Lucy Msall
(last name pronounced ‘muh-sal’)
I am a PhD candidate in Economics at the University of Chicago’s Booth School of Business and a recent Master of Legal Studies graduate from the University of Chicago Law School.
My research interests are in Public Economics (especially Taxation), Household Finance & Innovation. Prior to graduate school, I worked as a political campaign staffer, government employee, and NBER Research Assistant.
I can be reached via email at lmsall@chicagobooth.edu
Working Papers
Sex, Drugs, and R&D: Missing Innovation from Regulating Female Enrollment in Clinical Trials with Valerie Michelman
Abstract: This paper considers the consequences of unequal representation in research. From 1977-1993, the U.S. Food and Drug Administration (FDA) issued guidance that “women of childbearing potential” should not be included as human subjects in early stage clinical trials. We study how the pharmaceutical industry’s response to that guidance shaped the course of innovation serving men and women. We develop a model of drug development which predicts that the guidance leads to less innovation for female-focused drugs. Compliance with the guidance decreases the informativeness of early clinical trials for drugs intended to treat predominantly female diseases, resulting in higher expected costs. To bring our theory to the data, we link biomedical patents, commercial data on drug development, and FDA records of approved drugs. By exploiting the contrast between male- and female-focused drug patents and drug and non-drug biomedical patents, we estimate that the guidance resulted in approximately 200 to 850 missing female drug patents and 10 to 45 fewer approved female drugs.
Presentations*: NBER SI Innovation (2022), Eastern Economic Association (2022), University of Nebraska England-Clark Conference (2022), Royal Economic Society (2023)
*Not including presentations by co-author.
Consumer-Financed Fiscal Stimulus: Evidence from Digital Coupons in China with Jing Ding, Lei Jiang & Matthew Notowidigdo
Abstract: Beginning in 2020, local governments in China issued digital coupons to stimulate spending in targeted categories such as restaurants and supermarkets. We study this new form of fiscal stimulus using detailed data from a large e-commerce platform and a bunching estimation approach, and we find that the coupons caused large increases in spending of 3.5-3.6 yuan per yuan spent by the government. We find no evidence that the large spending effects come from substantial substitution away from non-targeted spending categories or short-run intertemporal substitution. To rationalize these results, we develop a dynamic consumption model to show how the coupon’s minimum spending thresholds (i.e., “spend at least ¥X, get ¥Y off”) create temporary notches that lead to large behavioral responses. In the model, the increased spending caused by the coupons is partially “consumer-financed”, since consumers use their own money to push their spending above the coupon thresholds. Calibrating the model to match our empirical results, we find that coupons generate about half of the increase in consumer welfare as an equivalent amount of government spending distributed as cash, but that coupons are a much more cost-effective form of targeted fiscal stimulus.

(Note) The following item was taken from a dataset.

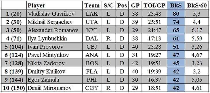 Единоличным лидером по заблокированным броскам среди наших игроков является Владислав Гавриков, у которого уже 80 блоков в 38 матчах. Вторую строчку занимает Михаил Сергачев с 74 блоками в 39 матчах. На третьем месте расположился Александр Романов с 65 заблокированными бросками в 29 матчах.

Presentations*: NBER SI Public Economics (2023), Becker Friedman Institute China Research Conference (2022)
*Not including presentations by co-author.
Work in Progress
The Taxation of Capital Gains at Death with Ole-Andreas Næss
Do Corporate Insiders “Buy-Borrow-Die”? Searching for Individual Tax Avoidance in Public Company Filings
Pre-Doctoral Publications
Decreases In Readmissions Credited To Medicare’s Program To Reduce Hospital Readmissions Have Been Overstated with Christopher Ody, Leemore Dafny, David Grabowski & David Cutler. Health Affairs, January 2019. Vol. 38, Issue 1.

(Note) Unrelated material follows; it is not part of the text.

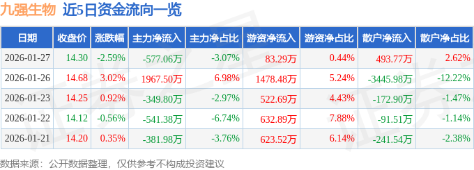 证券之星消息,截至2026年1月27日收盘,九强生物(300406)报收于14.3元,下跌2.59%,换手率3.12%,成交量13.24万手,成交额1.88亿元。

Abstract: Medicare’s Hospital Readmissions Reduction Program (HRRP) has been credited with lowering risk-adjusted readmission rates for targeted conditions at general acute care hospitals. However, these reductions appear to be illusory or overstated. This is because a concurrent change in electronic transaction standards allowed hospitals to document a larger number of diagnoses per claim, which had the effect of reducing risk-adjusted patient readmission rates. Prior studies of the HRRP relied upon control groups’ having lower baseline readmission rates, which could falsely create the appearance that readmission rates are changing more in the treatment than in the control group. Accounting for the revised standards reduced the decline in risk-adjusted readmission rates for targeted conditions by 48 percent. After further adjusting for differences in pre-HRRP readmission rates across samples, we found that declines for targeted conditions at general acute care hospitals were statistically indistinguishable from declines in two control samples. Either the HRRP had no effect on readmissions, or it led to a systemwide reduction in readmissions that was roughly half as large as prior estimates have suggested.
Popular Press Coverage: The New York Times, Chicago Booth Review.